Breast Cancer Services
Breast cancer is the most common cancer affecting women. It mostly occurs in older women and is uncommon under the age of 40. It is rare in men.
Referrals for this service come directly from your GP and does not necessarily mean you have breast cancer.
Most people who have a referral to our services will not have breast cancer diagnosed.
More than 70% of women with breast cancer survive after treatment. The amount of treatment needed depends on the type of cancer and whether it has spread beyond the breast. Effective treatment and the chances of cure are greatly improved with earlier diagnosis.
Red flags to look out for
- lumps inside the breast or underarm area.
- changes in breast size and shape.
- pain in a specific area that does not go away.
- prominent veins on the surface of the breast.
- Ongoing nipple discharge
- a sore or rash on the nipple.
- swelling, redness, or darkening of the breast.
Breast Cancer Signs and Symptoms
- Swelling of all or part of a breast (even if no lump is felt)

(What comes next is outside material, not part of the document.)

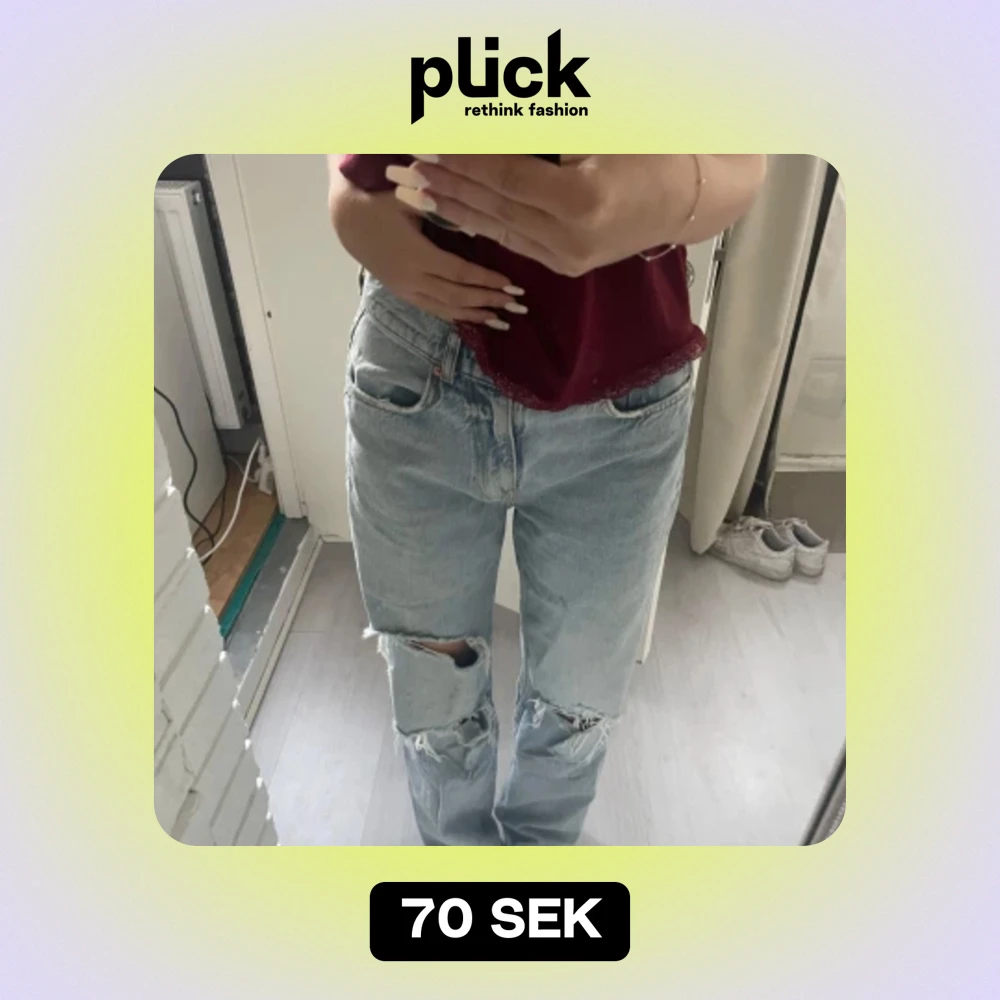 Sällhet jättefina midwaist jeans med hål från Gina Tricot i super bra skick (endast använd 3-4 gånger) lite baggy

- Skin dimpling (sometimes looking like an orange peel)
- Breast or nipple pain.
- Changes in the nipple inversion or eversion (turning inward/persistently erect)
- Nipple or breast skin that is red, dry, flaking, or thickened.
- Blood stained Nipple discharge (other than breast milk)
What happens when I attend clinic?
When you attend this clinic, you will have some investigations where you will undergo an examination by a Doctor, Imaging tests such as a Mammogram and Ultrasound scan and possibly a biopsy.
We aim to complete all these tests the same day and will ask you to return the following week for any results that are not available on this day.
We offer rapid advice, diagnosis and treatment to patients with symptomatic breast problems, such as:
a change in appearance eg puckering or dimpling of the skin; a change in the outline or shape of the breast, especially those caused by arm movements or by lifting the breast
discomfort or pain eg discomfort or pain in one breast that is different from normal, particularly if new and persistent
lumps eg any thickening or bumpy areas in one breast or armpit which seems to be different from the same part of the other breast and armpit. This is very important if it is new.
nipple changes eg discharge from the nipple that is new for you and not milky; bleeding or moist reddish areas that do not heal easily; any change in nipple position – pulled in or pointing differently; a rash on or around the nipple.
Most of these symptoms do not turn out to be breast cancer but should be checked by a medical professional.
When there is a diagnosis of breast cancer you will be allocated a Clinical Nurse Specialist who will be your key worker offering continuous support and ensuring you get the best possible care.
The Clinical Nurse Specialist works very closely with a team of Doctors, Nurses, Radiologist and Oncologist Consultants, Radiographers, Pathologists and our Macmillan services.
Treatment for breast cancer is generally a combination of Surgery, Chemotherapy, Radiotherapy and Endocrine therapy. However not all patients may require all these treatments.